(Collected data Opens)

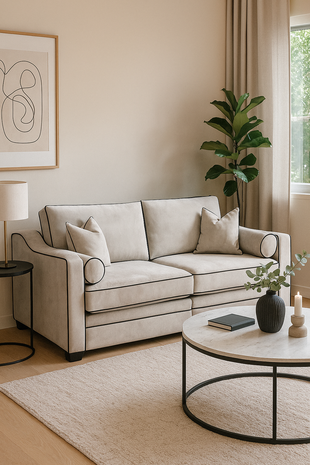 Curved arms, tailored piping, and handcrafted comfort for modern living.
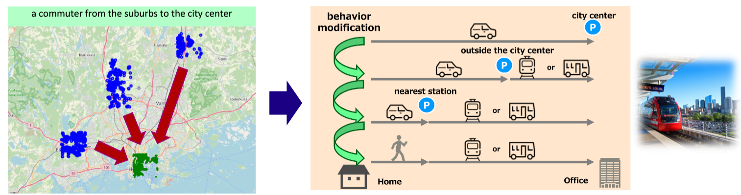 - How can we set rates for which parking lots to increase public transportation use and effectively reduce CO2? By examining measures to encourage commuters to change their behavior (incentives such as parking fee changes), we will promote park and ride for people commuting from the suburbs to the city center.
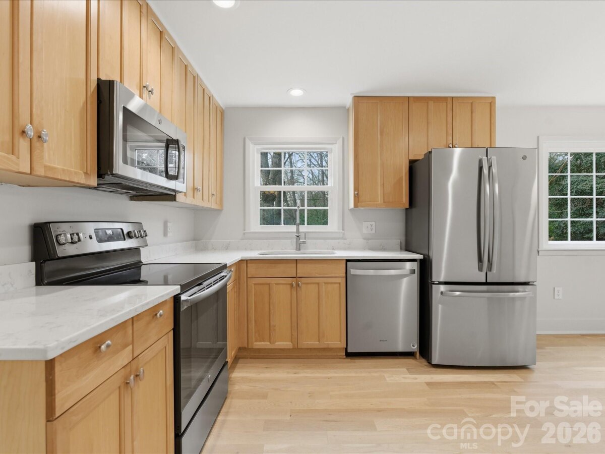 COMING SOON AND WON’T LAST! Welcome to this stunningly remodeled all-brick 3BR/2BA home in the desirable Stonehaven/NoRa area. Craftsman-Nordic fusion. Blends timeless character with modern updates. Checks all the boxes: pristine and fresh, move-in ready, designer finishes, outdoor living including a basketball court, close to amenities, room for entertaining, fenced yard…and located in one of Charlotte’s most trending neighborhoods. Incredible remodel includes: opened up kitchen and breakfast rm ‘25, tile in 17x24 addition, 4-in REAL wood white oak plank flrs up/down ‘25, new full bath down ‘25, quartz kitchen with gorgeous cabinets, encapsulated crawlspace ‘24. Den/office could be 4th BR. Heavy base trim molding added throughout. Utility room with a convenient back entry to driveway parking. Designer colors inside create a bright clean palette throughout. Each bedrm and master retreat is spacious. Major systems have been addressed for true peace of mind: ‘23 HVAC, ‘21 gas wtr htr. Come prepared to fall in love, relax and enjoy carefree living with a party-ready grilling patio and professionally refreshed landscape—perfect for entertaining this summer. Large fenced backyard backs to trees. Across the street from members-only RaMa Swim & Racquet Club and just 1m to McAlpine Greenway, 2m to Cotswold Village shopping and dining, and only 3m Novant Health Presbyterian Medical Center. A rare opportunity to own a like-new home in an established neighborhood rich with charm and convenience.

(Collected data Closes)

Starting at the top of the listing above, please restate word for word each line up to and including the one that holds "- How can we", omitting every image.

### Completed task
 Curved arms, tailored piping, and handcrafted comfort for modern living.
 - How can we set rates for which parking lots to increase public transportation use and effectively reduce CO2? By examining measures to encourage commuters to change their behavior (incentives such as parking fee changes), we will promote park and ride for people commuting from the suburbs to the city center.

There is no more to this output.